# YOUR TASK:
Print exactly the first lines of the records. Stop after the line containing "A类60支兰精天丝棉四件套高支高密简约纯色长绒棉莱赛尔双拼套件", and leave every picture out.

Items from a dataset
※
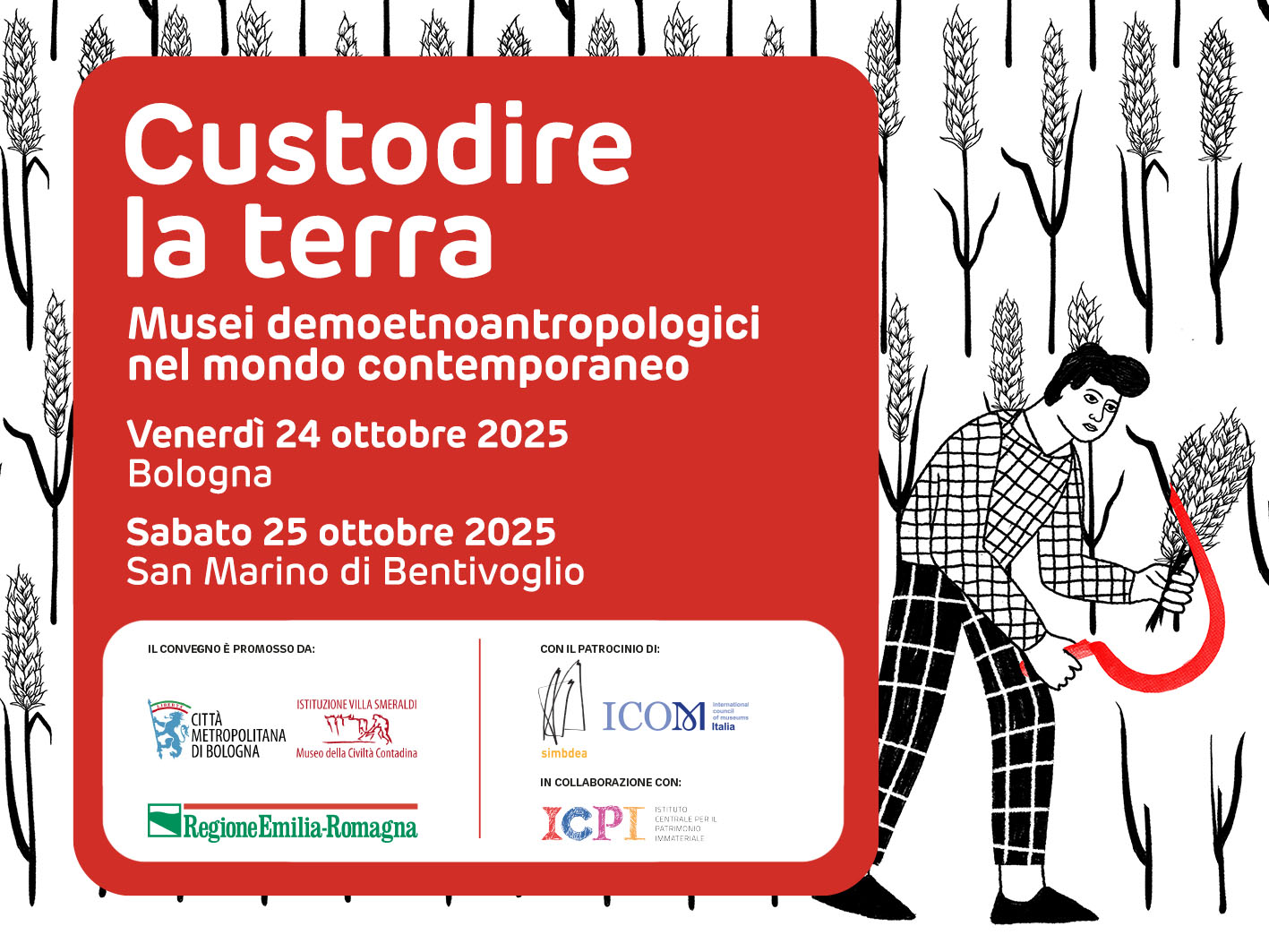 Custodire la Terra: Musei demoetnoantropologici nel mondo contemporaneo è un importante momento di riflessione e confronto dedicato al patrimonio culturale rurale e alle sue trasformazioni. Una due giorni interattiva con panel, laboratori e tavoli di lavoro, organizzato a 50 anni dal dal Convegno nazionale di Museologia Agricola, svoltosi nel 1975 a Bologna e presso Villa Smeraldi a San Marino di Bentivoglio.
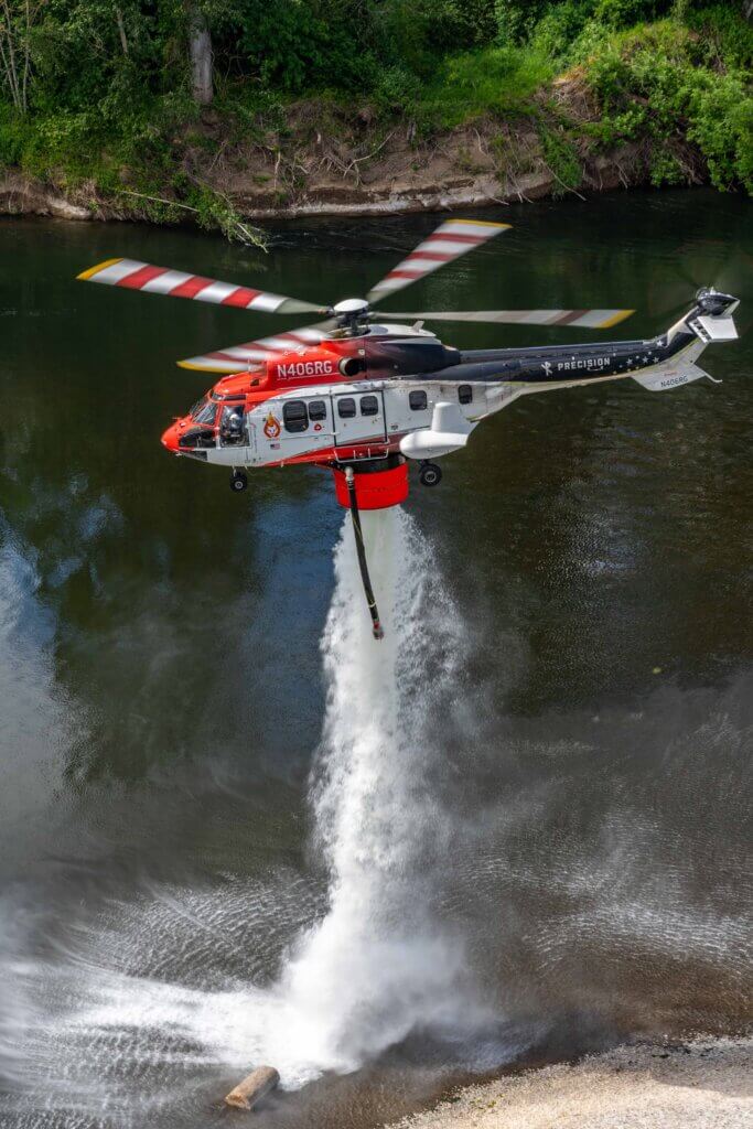 “We use a programmable logic controller, a computer system that drives the tanks so you can dial in coverage and flow rates into the tanks, to control the drop pattern for what agencies require,” said Schellaars, adding that Helitak tanks have recently achieved U.S. certification on the Sikorsky S-92, Airbus Helicopters H125, and Boeing CH-47 Chinook helicopters.
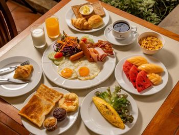 Indulge in the beauty of our tropical surroundings, complete with swaying palms and vibrant blooms. Cool off in one of our two sparkling swimming pools, perfect for a refreshing dip after a day of sunbathing or exploring the local sights.
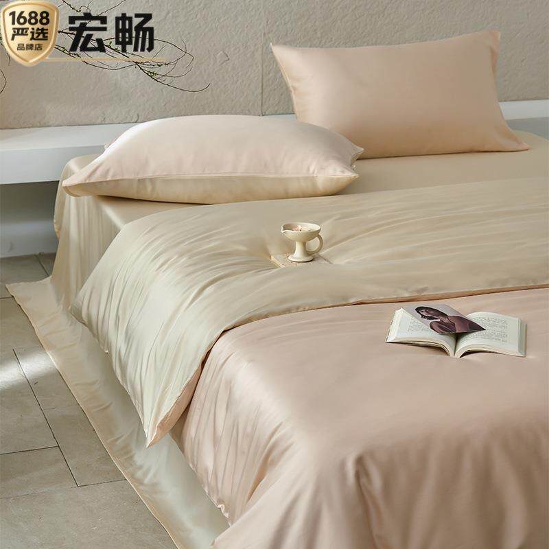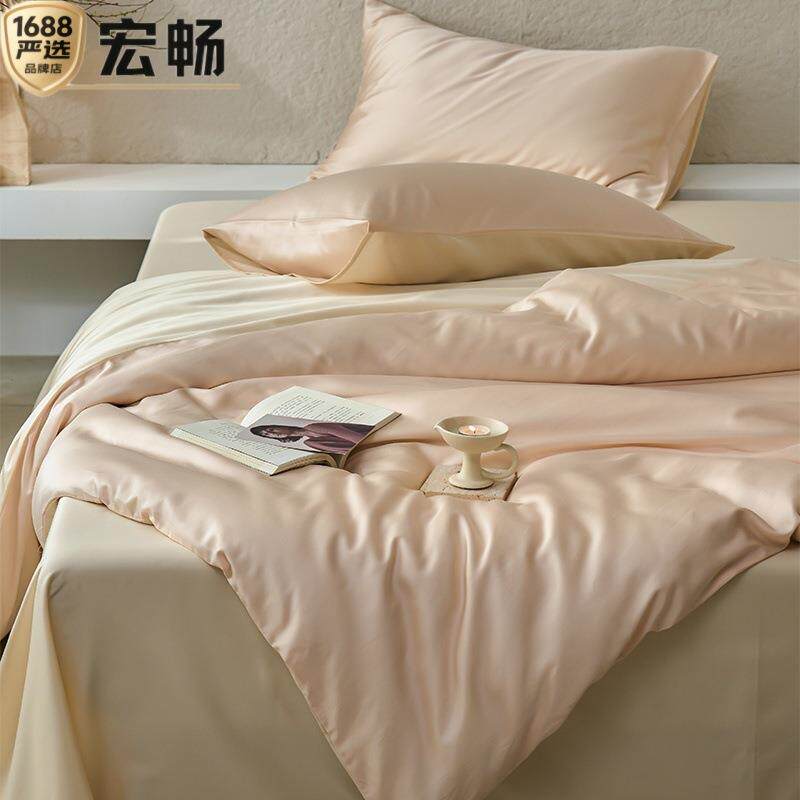 A类60支兰精天丝棉四件套高支高密简约纯色长绒棉莱赛尔双拼套件
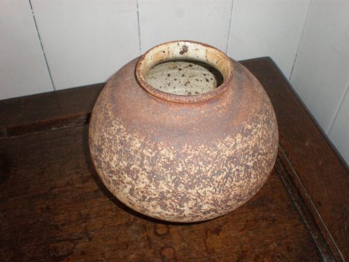 19cm high, dia. 24cm. Waistel Cooper 1921 - 2003 Textured Vase. Wood Ash Glaze. Waistel Cooper, a Scot born in 1921, set up his pottery at Porlock in Somerset in 1952. He specialised in textured surfaces and was also known to use wood ask glazes occasionally. From 1983 he operated from Barbican Pottery in Penzance, Cornwall. He signed his work with his forename in black, but I have seen a pot with just a 'W'. He died in 2003.
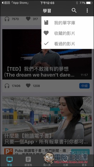 影片預設為全部頻道,有 TED、BBC、CNN、商用英文、以及中英文雙字幕影片等等,如果你希望只觀看某頻道的影片,也可以從上方選單來過濾
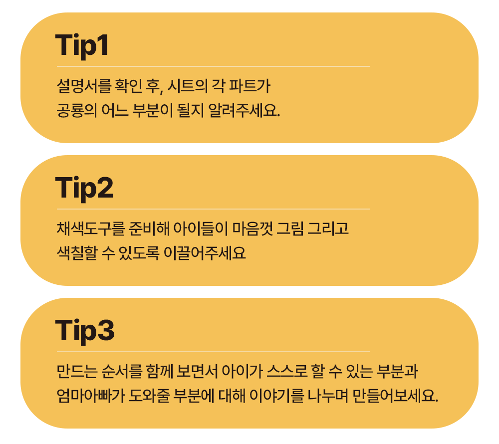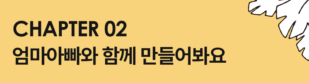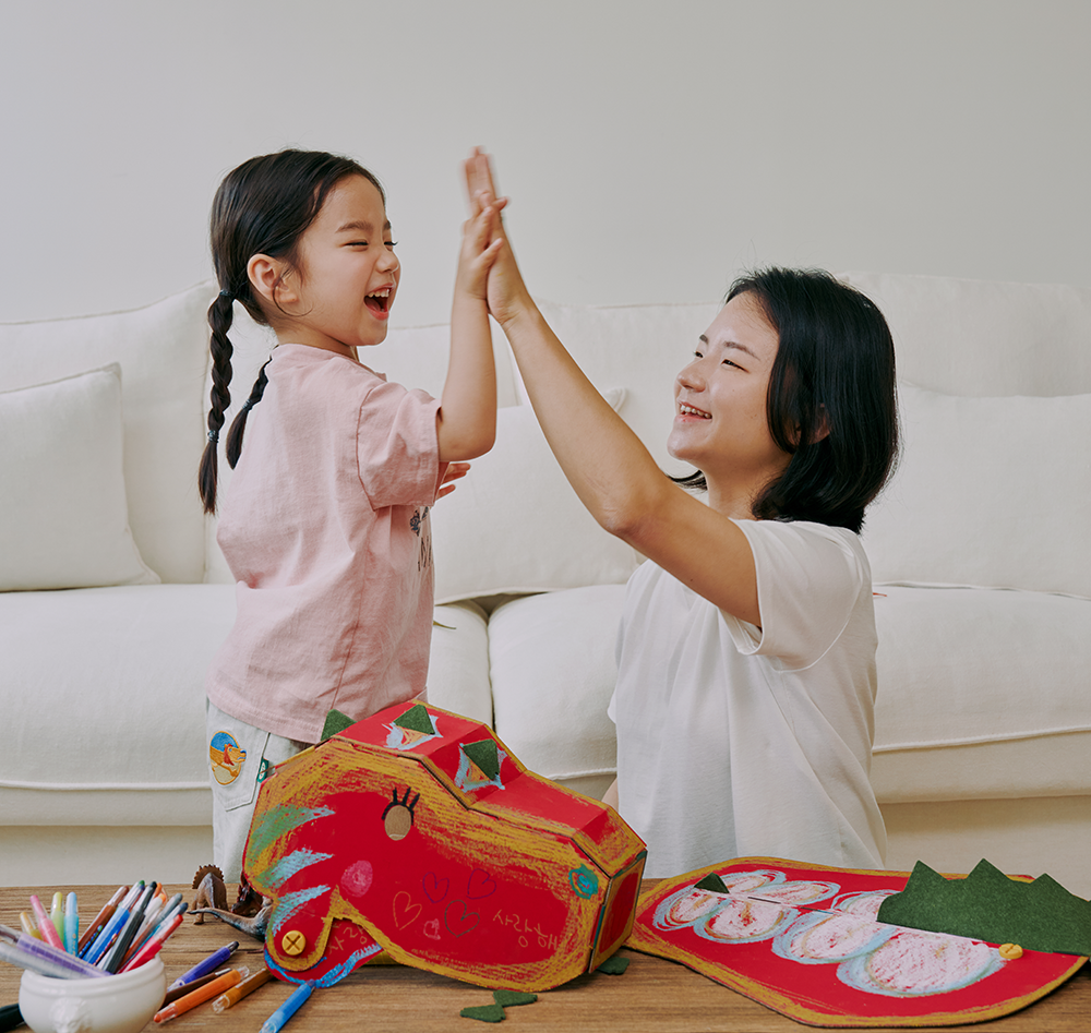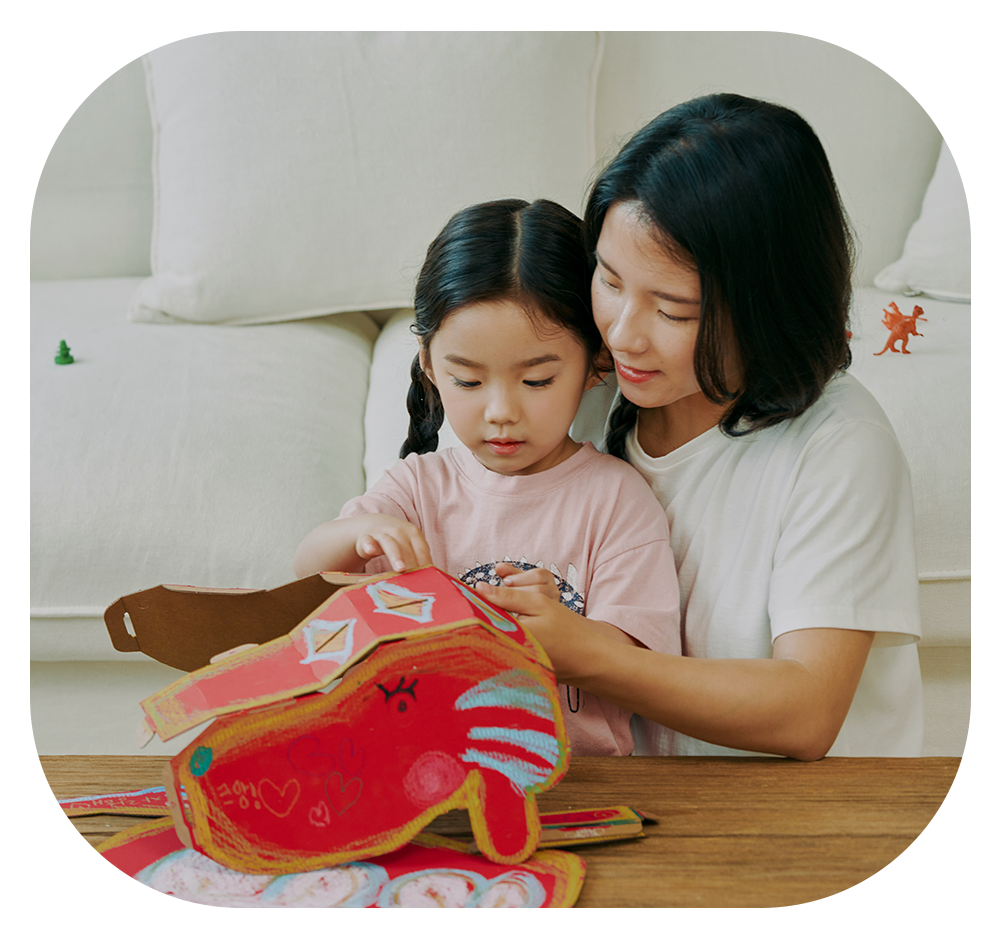 엄마,아빠와 함께 만들다 보면 소통, 협업, 문제 해결 등의 순간을 마주하게 됩니다. 집 안에서 이 모든 걸 경험한 아이는 집 밖 세상에서 분명 남다를 거예요.
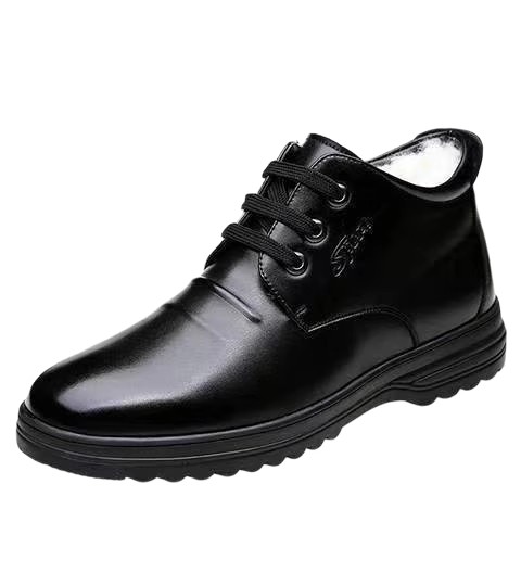 冬季加绒加厚男士棉皮鞋厚底防滑男休闲高帮保暖棉鞋中老年爸爸鞋
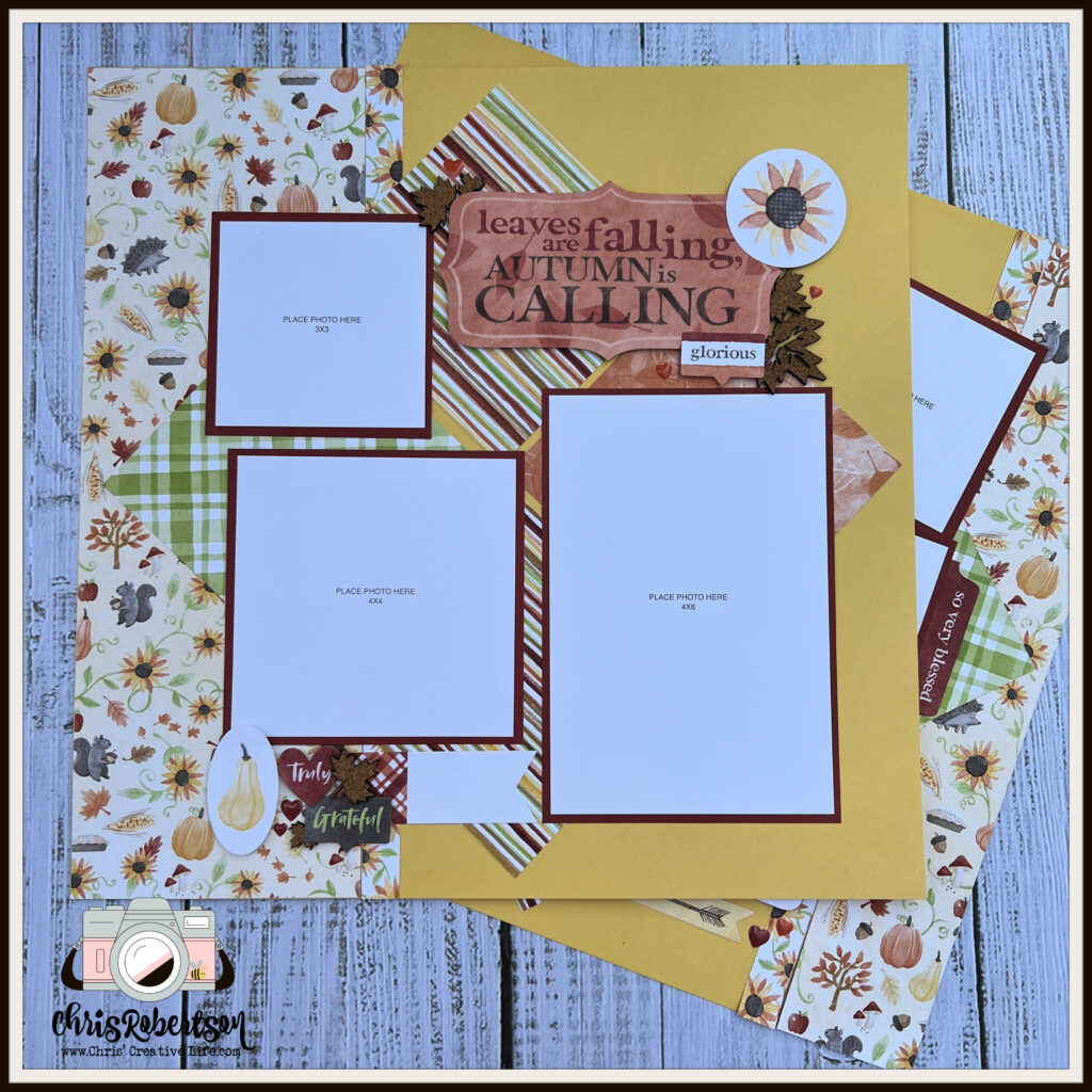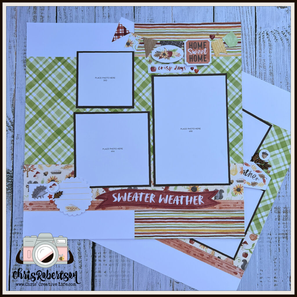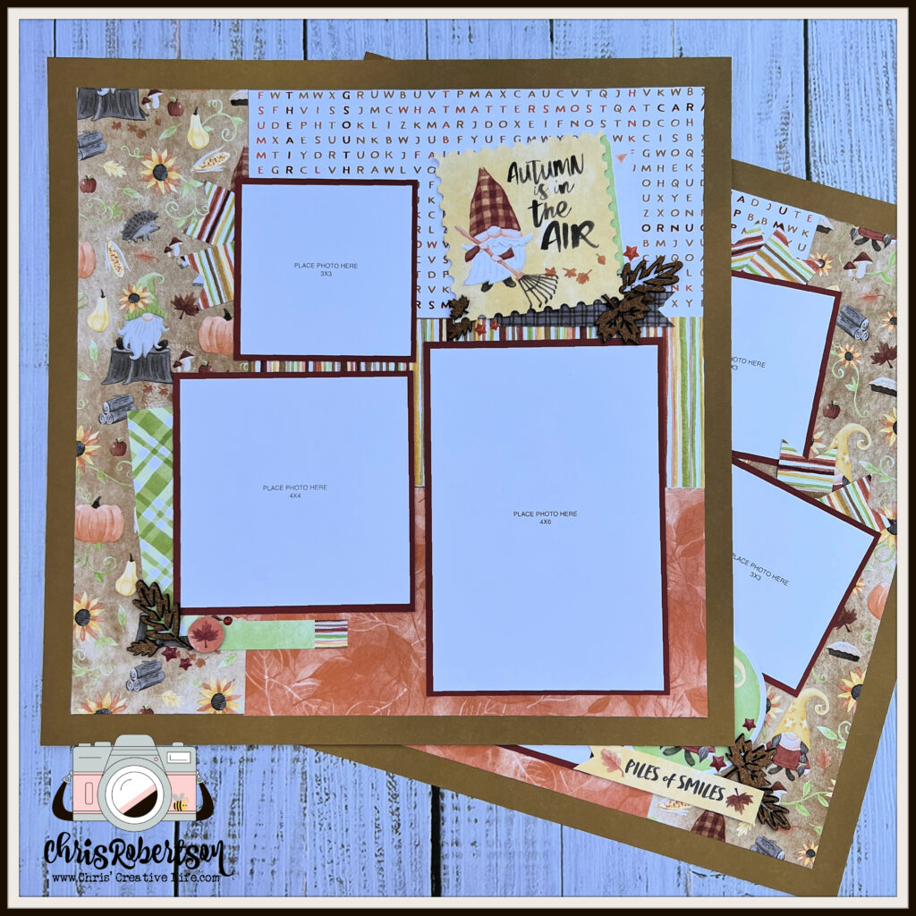 The workshop creates- (8) 12×12 scrapbook pages.
※
# TASK RESULT:
 Custodire la Terra: Musei demoetnoantropologici nel mondo contemporaneo è un importante momento di riflessione e confronto dedicato al patrimonio culturale rurale e alle sue trasformazioni. Una due giorni interattiva con panel, laboratori e tavoli di lavoro, organizzato a 50 anni dal dal Convegno nazionale di Museologia Agricola, svoltosi nel 1975 a Bologna e presso Villa Smeraldi a San Marino di Bentivoglio.
 “We use a programmable logic controller, a computer system that drives the tanks so you can dial in coverage and flow rates into the tanks, to control the drop pattern for what agencies require,” said Schellaars, adding that Helitak tanks have recently achieved U.S. certification on the Sikorsky S-92, Airbus Helicopters H125, and Boeing CH-47 Chinook helicopters.
 Indulge in the beauty of our tropical surroundings, complete with swaying palms and vibrant blooms. Cool off in one of our two sparkling swimming pools, perfect for a refreshing dip after a day of sunbathing or exploring the local sights.
 A类60支兰精天丝棉四件套高支高密简约纯色长绒棉莱赛尔双拼套件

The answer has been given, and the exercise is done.